On the side of still disabling SMT on both Intel and AMD, you can find the Azure's advice to disable SMT if you run untrusted code in your VMs and the Linux kernel's "core scheduling" documentation saying that disabling SMT is the only full mitigation (also the LWN story and the nice version of the kernel documentation on hardware vulnerabilities). And in general, the OpenBSD people have a good point. The usual purpose of SMT is to dynamically share some of the resources of a single core between two threads, so it seems quite likely that there are all sorts of ways to extract information about what the other thread is doing.
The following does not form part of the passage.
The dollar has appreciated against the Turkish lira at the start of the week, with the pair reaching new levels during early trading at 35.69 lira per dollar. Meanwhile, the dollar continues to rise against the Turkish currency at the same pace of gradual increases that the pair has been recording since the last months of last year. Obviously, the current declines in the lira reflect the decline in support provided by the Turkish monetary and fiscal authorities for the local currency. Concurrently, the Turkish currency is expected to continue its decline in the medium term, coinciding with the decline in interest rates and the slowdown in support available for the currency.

On the side of enabling SMT on sufficiently modern hardware, there are things like Intel's claims that these things aren't an issue in their latest CPUs. There is also what the Linux kernel reports in /sys/devices/system/cpu/vulnerabilities. On older Intel processors, some of these will talk about SMT being enabled (or disabled), while on at least some 2nd generation Xeon Scalable processors the Linux kernel reports that it's not affected even with HT still on (the one I know about is a 'Cascade Lake' CPU, the Silver 4215R). In addition, various online media sources often report that there are few to no known, in the wild exploits for all of these speculative execution vulnerabilities, which reduces the practical risks to us (for reasons that don't fit in this entry).
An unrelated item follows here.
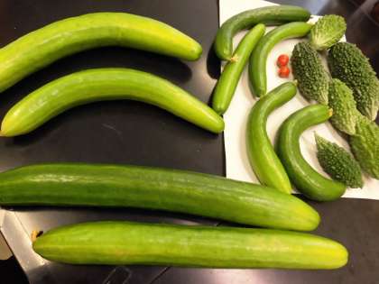 今日は、グリンカーテンからきゅうりとゴーヤを収獲しました。

If you operate servers in a strongly hostile environment, it seems most likely that you should disable SMT universally even on modern Intel and AMD CPUs. It's not as clear for people like us, who have a somewhat exposed but not outright hostile environment. As a practical matter, we could probably enable SMT without getting a security breach as a result.


Comments on this page:

The entire mess is suitably interesting.

It's obvious to me that secure computation should happen at a higher level. Consider an expression reducer entirely divorced from the ability to determine time, representation provenance, and other such things; it's clearly safe to run such a program without worries. People could argue it would be too inefficient, but it's not as if most programs properly use the resources afforded to them anyway.

Perhaps I should write about this on my website at some point.

By Walex at 2021-11-13 09:20:21:

«If you operate servers in a strongly hostile environment»

Write-down and side-channels have been known issues for many decades (well before the Orange Book, 1983) and I think that they cannot be solved cheaply, As to "strongly hostile environment" sites, that is not universities and not "cloud" providers, I suspect run gapped systems for every security level or compartment, so might as well not worry about side channels (yes "only the paranoid survive", though).

«we could probably enable SMT without getting a security breach as a result»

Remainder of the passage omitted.